*Task objective*. The expected answer is a verbatim transcription of the lines below, beginning with the first and ending with the line that holds "En mode 2 (ADMIN): Si", without pictures.
[Recorded information]
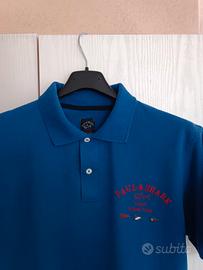 Polo due bottoni originale marca Paul & Shark taglia L misure da ascella ad ascella 55cm lunghezza 67cm spalle 46cm manica 24cm colore blu logo ricamato spacchetti laterali cotone retro vintage ottime condizioni.Per ulteriori info e foto su questo articolo o su qualsiasi altro prodotto non esitate a scrivermi
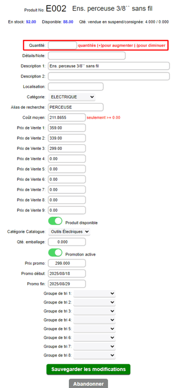 En mode 2 (ADMIN): Si permis, permet d'ajuster certaines informations de la fiche produit et permet d'ajuster la quantité inventaire.
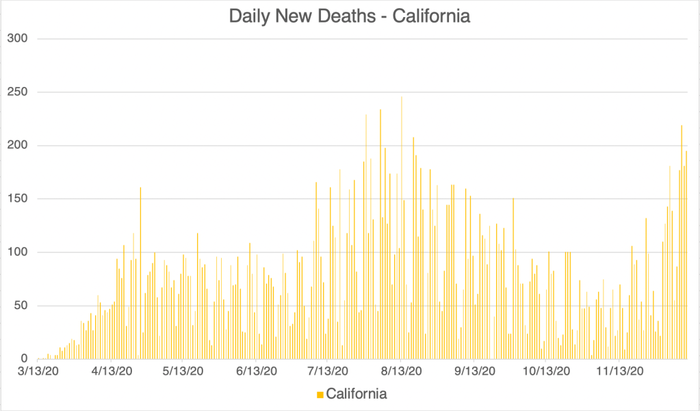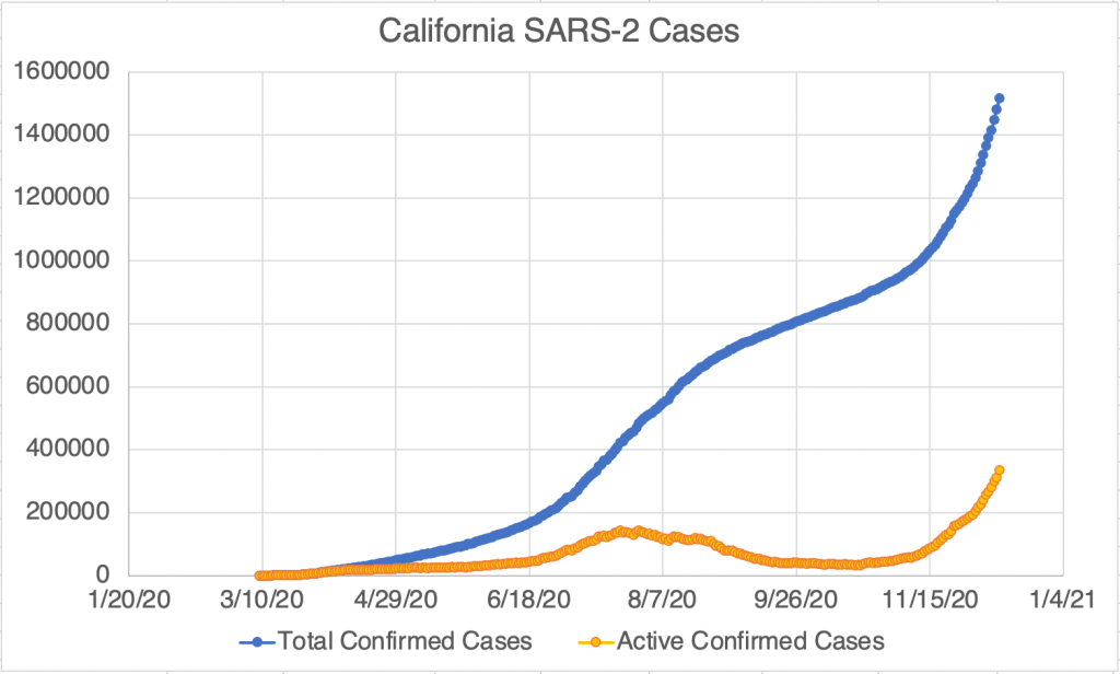 Here’s an overdue case update. Cases continue to rise for the US, California, and San Diego County. The timing of the current US peak makes it clear that the bump is directly related to the Thanksgiving holiday, starting less than a week after Thanksgiving, and after cases had started to come down. LA County currently has more that 100,000 active cases, more than twice the number than the next highest county, Cook County, the home of Chicago.
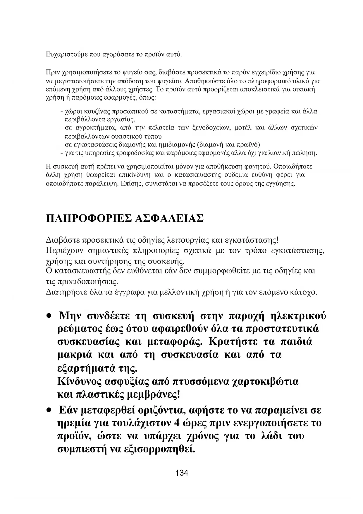 - Αντιμετώπιση προβλημάτων 133134 Ευχαριστούμε που αγοράσατε το προϊόν αυτό. Πριν χρησιμοποιήσετε το ψυγείο σας, διαβάστε προσεκτικά το παρόν εγχειρίδιο χρήσης για να μεγιστοποιήσετε την απόδοση του ψυγείου. Αποθηκεύστε όλο το πληροφοριακό υλικό για επόμενη χρήση από άλλους χρήστες. Το προϊόν αυτό προορίζεται αποκλειστικά για οικιακή χρήση ή παρόμοιες εφαρμογές, όπως: - χώροι κουζίνας προσωπικού σε καταστήματα, εργασιακοί χώροι με γραφεία και άλλα περιβάλλοντα εργασίας, - σε αγροκτήματα, από την πελατεία των ξενοδοχείων, μοτέλ και άλλων σχετικών περιβαλλόντων οικιστικού τύπου - σε εγκαταστάσεις διαμονής και ημιδιαμονής (διαμονή και πρωϊνό) - για τις υπηρεσίες τροφοδοσίας και παρόμοιες εφαρμογές αλλά όχι για λιανική πώληση. Η συσκευή αυτή πρέπει να χρησιμοποιείται μόνον για αποθήκευση φαγητού. Οποιαδήποτε άλλη χρήση θεωρείται επικίνδυνη και ο κατασκευαστής ουδεμία ευθύνη φέρει για οποιαδήποτε παράλειψη. Επίσης, συνιστάται να προσέξετε τους όρους της εγγύησης. ΠΛΗΡΟΦΟΡΙΕΣ ΑΣΦΑΛΕΙΑΣ Διαβάστε προσεκτικά τις οδηγίες λειτουργίας και εγκατάστασης! Περιέχουν σημαντικές πληροφορίες σχετικά με τον τρόπο εγκατάστασης, χρήσης και συντήρησης της συσκευής. Ο κατασκευαστής δεν ευθύνεται εάν δεν συμμορφωθείτε με τις οδηγίες και τις προειδοποιήσεις. Διατηρήστε όλα τα έγγραφα για μελλοντική χρήση ή για τον επόμενο κάτοχο. p. 156
[/Recorded information]
*Answer area*.
 Polo due bottoni originale marca Paul & Shark taglia L misure da ascella ad ascella 55cm lunghezza 67cm spalle 46cm manica 24cm colore blu logo ricamato spacchetti laterali cotone retro vintage ottime condizioni.Per ulteriori info e foto su questo articolo o su qualsiasi altro prodotto non esitate a scrivermi
 En mode 2 (ADMIN): Si permis, permet d'ajuster certaines informations de la fiche produit et permet d'ajuster la quantité inventaire.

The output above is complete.